Limitations of Satellite Imagery Analysis for AI-Specific Data Centers
by Konstantin Pilz & Lennart Heim
BLUF: Satellite imagery of data centers provides limited immediate value for AI-specific insights due to several challenges: AI hardware constitutes only a small portion of data center equipment, often coexists with non-AI hardware, lacks reliable visual identifiers, and its computational power is difficult to estimate from external observations. Continuous monitoring and cross-correlation with other sources may improve insights, but AI-specific information will likely remain limited.
While detecting data centers via satellite imagery can yield valuable information about their size and location, some limitations are often overlooked. The immediate value for AI policy is not as straightforward as it might seem due to a lack of critical insights into AI-specific aspects of data centers. We find the following challenges:
- AI hardware constitutes only a small portion of data center equipment. As of 2024, most data center space still hosts general-purpose compute. For instance, EPRI estimates that AI applications currently account for only about 10% to 20% of all data center power consumption (which likely includes non-frontier AI workloads). And according to TrendForce, only about 12% of all servers shipped in 2024 will be AI servers.
- AI hardware often shares space with other equipment in data centers. While there are facilities dedicated to AI supercomputers (e.g., the Jülich Supercomputer and xAI's Supercluster in Memphis), large tech companies frequently utilize existing data center campuses to host AI compute. For example, GPT-4 was reportedly trained in a Microsoft data center in Iowa, where the company maintains several large facilities that are much too expansive to accommodate only the approximately 20,000 A100s used for GPT-4's training. Particularly for inference workloads, dedicating entire facilities to AI is unnecessary, and there may be interest in retrofitting existing data centers to accommodate AI hardware alongside traditional hardware.

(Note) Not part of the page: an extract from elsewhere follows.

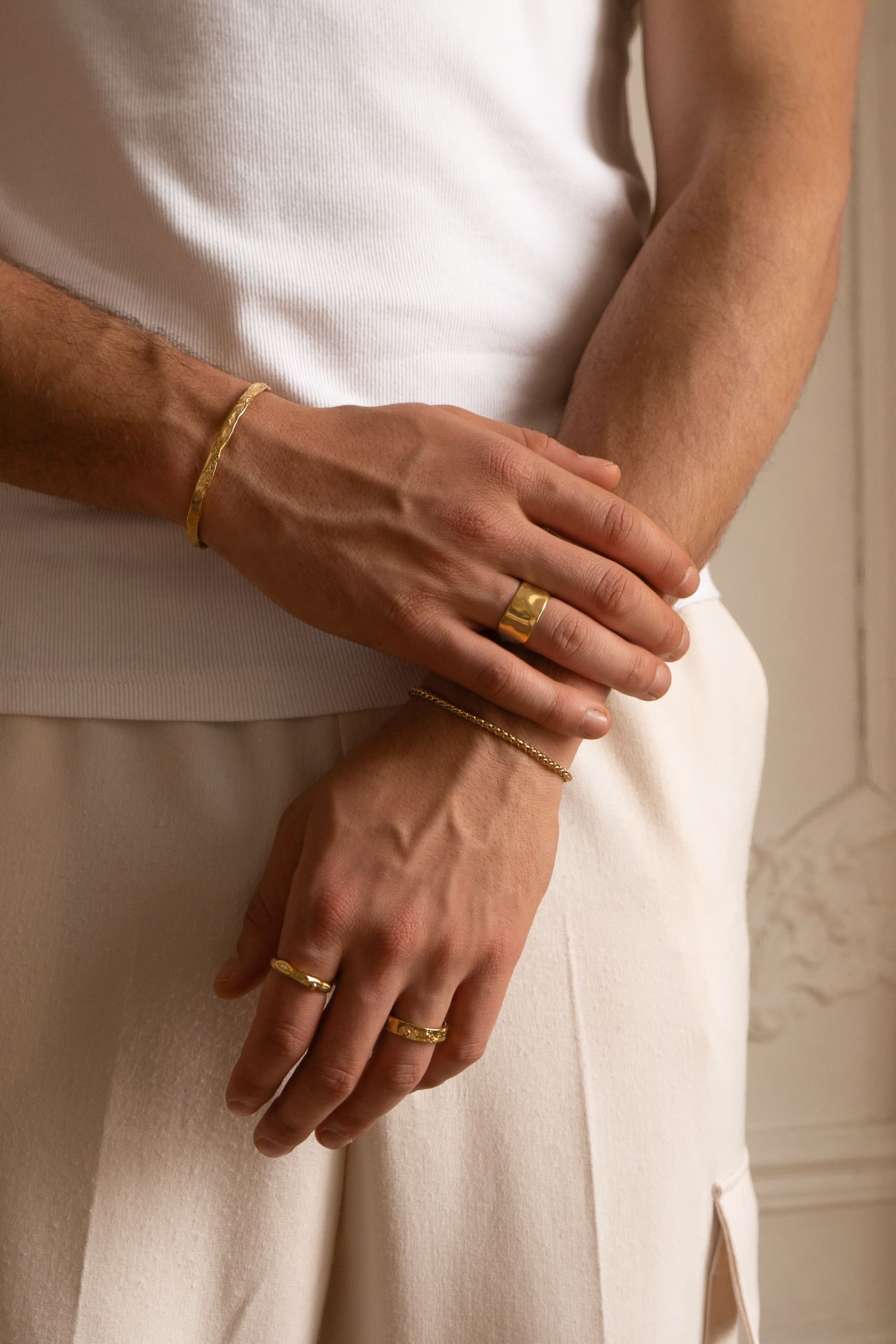Experimente la sofisticación refinada con el anillo Calm Ring. Cada anillo está meticulosamente diseñado para convertirse en una firma personal, reflejando su estilo distintivo y su espíritu creativo. Disponible en acero inoxidable de primera calidad o en lujoso acero inoxidable chapado en oro de 18 quilates, este anillo combina durabilidad y elegancia. Fabricado para resistir el uso diario, es resistente al agua, al sudor y a la decoloración, además de ser hipoalergénico, lo que garantiza una comodidad sin concesiones. Con tres opciones de tamaño y una garantía de por vida, el anillo Calm Ring está diseñado para durar y pensado para aquellos que aprecian la artesanía de calidad.

- Visual identification of AI hardware presence is unreliable. While AI chips have a higher power density and thus require more cooling infrastructure per square foot, this is still only a coarse proxy for whether a facility actually hosts AI-specific hardware. Otherwise, AI data centers don’t seem to have any features that allow you to visually distinguish them from data centers hosting other compute (as of now). Future build-outs with even larger numbers of AI chips might exhibit more unique characteristics, potentially making identification easier.
- Estimating a data center's computational (AI) performance is complex and imprecise. Even when a data center is known to host AI hardware, accurately assessing the quantity and type of AI chips remains challenging. Attempts to estimate power consumption based on external structures or energy data and subsequently infer computational performance yield unclear and imprecise results.

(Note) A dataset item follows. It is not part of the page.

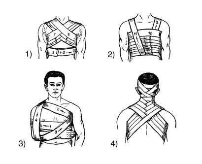 потерпілому надають зручне положення, щоб мати вільний доступ з усіх боків до поверхні, яку потрібно бинтувати;

Therefore, these challenges significantly limit the immediate value of satellite imagery for AI-specific insights. Identifying the locations of all data centers differs substantially from pinpointing AI-specific facilities. Moreover, even when AI data centers are located, this information does not necessarily provide accurate insights into their computational power, given the uncertainty surrounding the quantity and types of chips they employ.
Way Forward
While a general data center mapping project still offers valuable insights and is a good initial step, we recommend two considerations based on the above challenges, ideally incorporated from the start:
- Implement continuous monitoring of historical and ongoing development. Tracking data center development over time would significantly enhance the value proposition. As AI consumes an increasingly larger share of compute resources, correlating new construction with AI-specific needs will become more feasible.
- Cross-correlate findings with other intelligence sources. Combining the satellite imagery analysis with other open-source intelligence, such as records of investment, permitting, and construction of AI-related data centers, could yield more detailed insights about specific clusters and their relevance for AI development and deployment.